The modes resulting from the decomposition can also be individually accessed, if any further processing is required. Here we’ll visualize their relative contributions to the original series:

for i in range(len(hht.modes)):
    (100 * i + hht.modes[i]).plot()

plt.yticks(np.arange(0, 1000, 100), np.arange(1, 11))
plt.ylim(-80, 980);
../_images/hht_19_0.png

Notice that, as expected, the noisy high-frequency modes are sifted first, and the long-term trends are last. This filter-bank-like behaviour of the decomposition can be better observed by determining each component’s frequency distribution (weighed by their corresponding amplitudes) in a sort of Global Hilbert Spectrum.
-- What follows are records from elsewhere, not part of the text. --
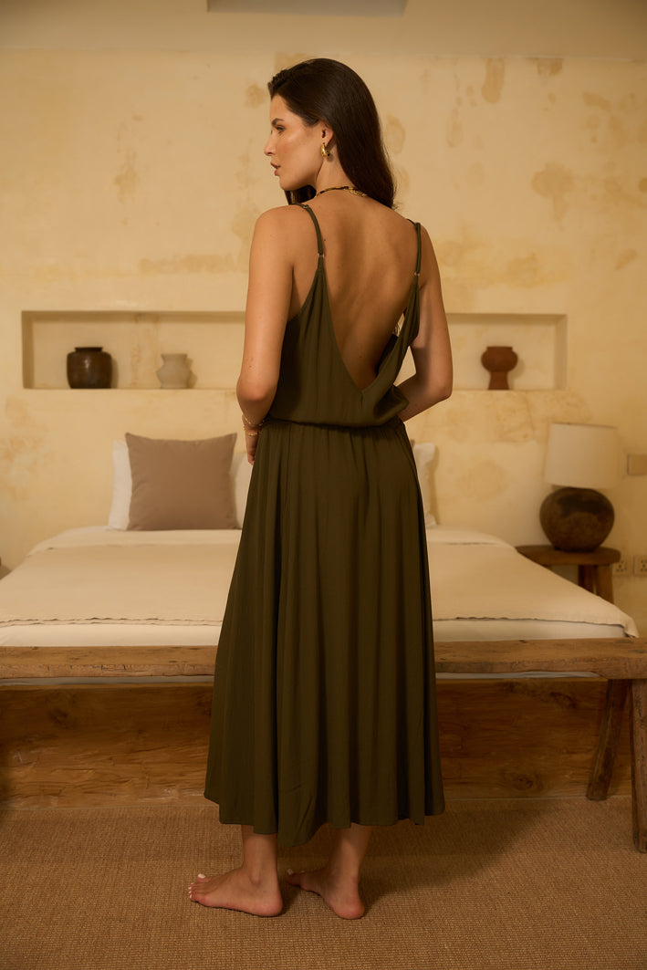 The Sophia Midi Dress in Chocolate is understated elegance in its purest form. Crafted from luxurious Fujet Viscose, it drapes beautifully on the body with a soft, fluid silhouette. The delicate spaghetti straps and flattering V-neckline add a touch of femininity, while the elasticated waist ensures both comfort and shape. The flowing midi-length skirt moves effortlessly, making it perfect for both casual days and elegant evenings.
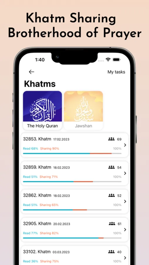 • With Khatam Online, you can join one of the many Muslims to participate by choosing Ayat, Surah, Halaman, and Juz. You can easily read the tasks you have selected in the app.
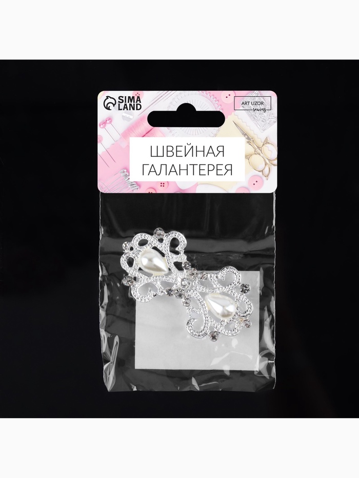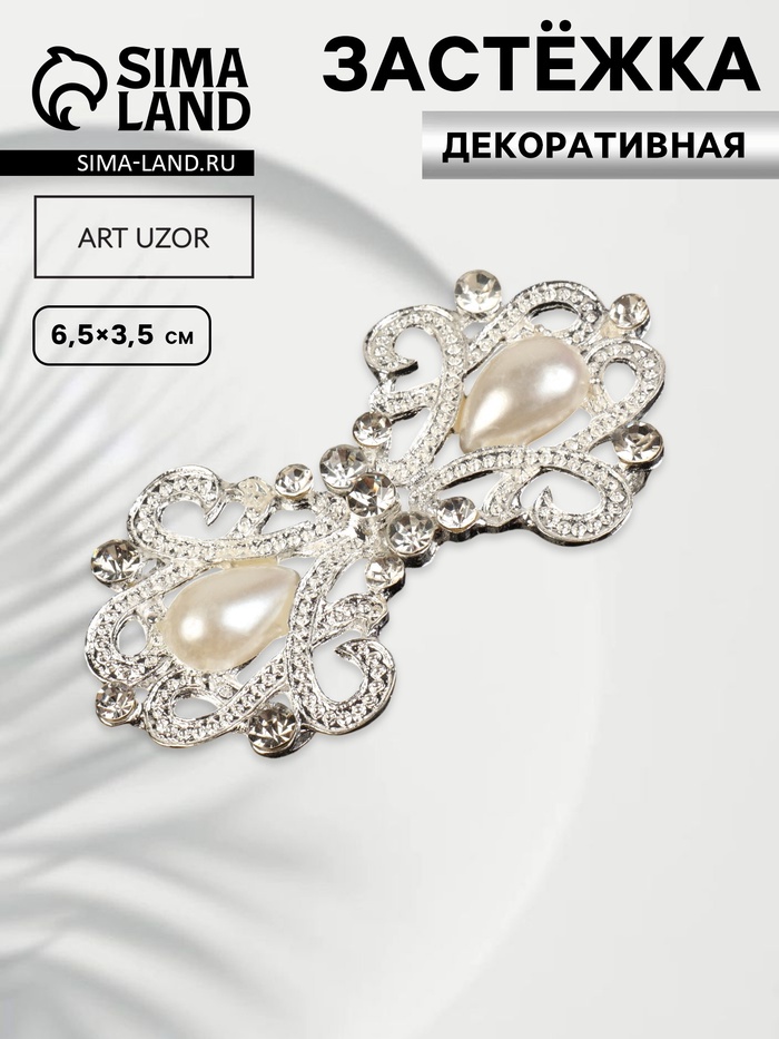 Декоративная застёжка «Узор», 6,5 × 3,5 см, цвет белый — Характеристики
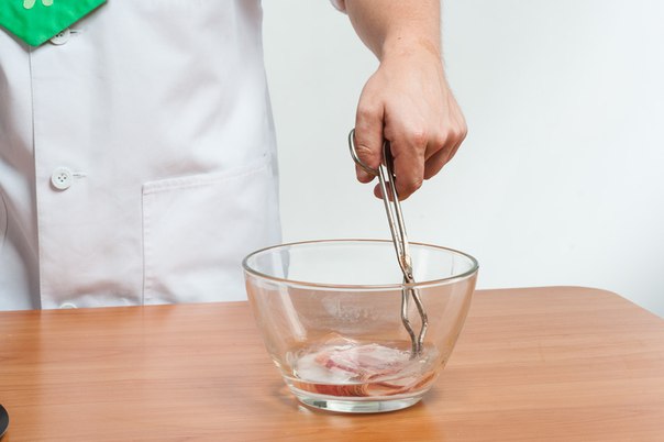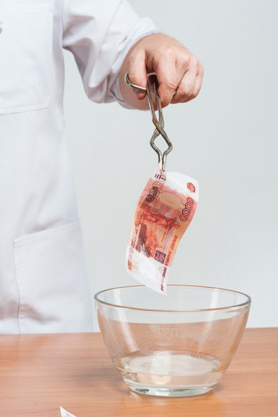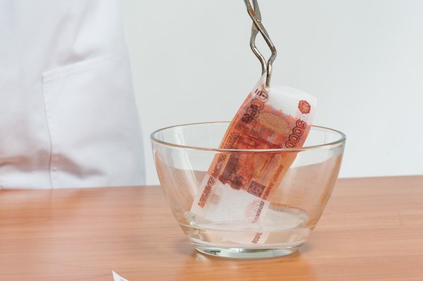 - теперь возьмем купюру щипцами и хорошенько пропитаем ее раствором;
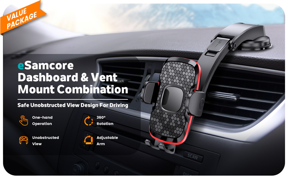 Safe Unobstructed View Phone Mount: Are you still using large and view blocking car phone holder on your dashboard or windshield? eSamcore phone holder for car uses downward extending mount arm, which will not block your view of the road. It is much safer than the old big car phone holder mount on the dashboard.
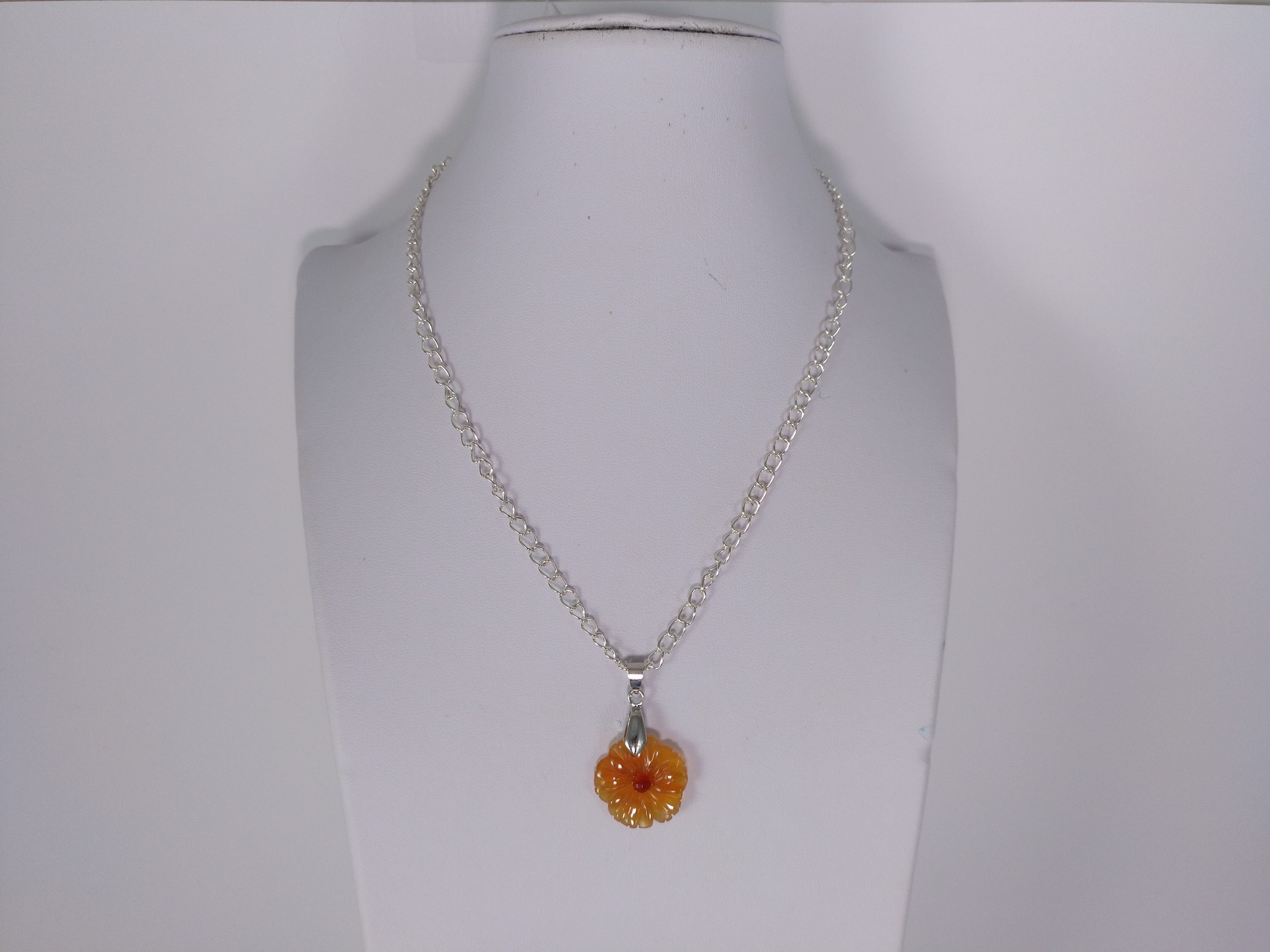 Bellesimo colgante con flor de agata corneola, con un largo de 45 cms, su colgante es netamente de mineral agata corneola, con cadena de acero inoxidable y con cierre mosqueton plateado, hecho a mano por su artesana,que aplica su ingenio en los trabajos que realiza, UNICO DISEÑO ORIGINAL. Hecho en Granada, España.-
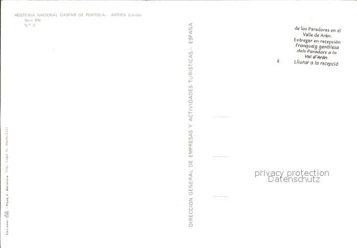 Lerida Hosteria Nacional Gaspar de Portola Arties postalisch nicht gelaufen Erhaltung siehe scans
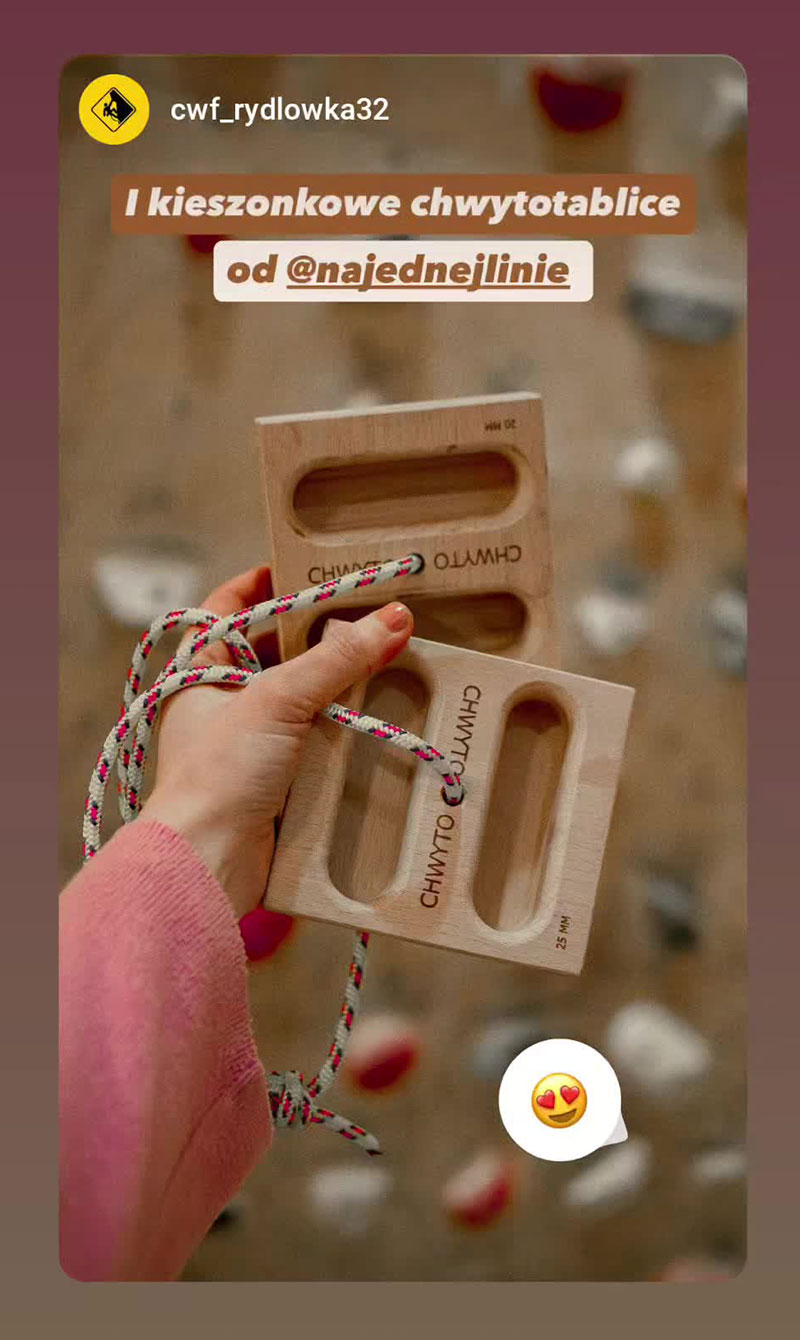 Wspinam się od wielu lat — kto śledzi profil @najednejlinie, ten doskonale o tym wie. Dlatego z pełnym przekonaniem mogę polecić zarówno sam produkt, jak i cały trening, który za nim stoi.

We’ll plot them as a collection of histograms from the instant_fs and instant_as attributes:

bins = np.logspace(-8, 2, 101, base=2)
for i in range(len(hht.instant_fs)):
    plt.hist(
        hht.instant_fs[i].values,
        weights=hht.instant_as[i].values,
        bins=bins,
        label=f"$C_{{{i+1}}}$",
    )
plt.xscale("log")
plt.axvline(1/3, ls=":")   # The quasi-biennial/quasi-triennial oscillations (C6)
plt.axvline(1/11)          # The Schwabe cycle (C7+C8)
plt.axvline(1/33, ls=":")  # Thrice the Schwabe cycle's period (C9)
plt.axvline(1/80, ls=":")  # The century-long Gleissberg cycle (C10)
plt.xlabel("Frequency (1/year)")
plt.ylabel("Amplitude")
plt.legend(fontsize=12);
../_images/hht_21_0.png

In the figure above, the solid vertical line corresponds to a 11-year period, which is the main periodicity from the notorious Schwabe cycle of the magnetic activity of the Sun, and the one we were expecting to find in our data. We also highlight with dotted lines other periodicities known to occur in the Sun, especially the short biennial/triennial cycles (with very low relative contributions) and the ~80-year-long Gleissberg cycle.

We can use a subset of these modes to reconstruct a filtered version of the original signal. For example, we can discard the highest frequencies modes (more likely to be contaminated by noise) and focus on the 7th mode onwards:

residue = hht.signal - sum(hht.modes)  # monotonic residue corresponding to the global mean/trend
(sum(hht.modes[6:10]) + residue).plot(color="b")  # low-pass filtered version of the original data
sum(hht.instant_as[6:10]).plot(color="r")  # corresponding amplitude variations
plt.xlabel("Year")
plt.ylabel("Sunspot Number");
../_images/hht_23_0.png

Notice how the amplitude variations of the data also seem to present a seasonality very similar to the Gleissberg cycle. Periodicity analysis on the amplitude of signals can sometimes be an interesting area of investigation, and the HHT can be used as a way to extract this information.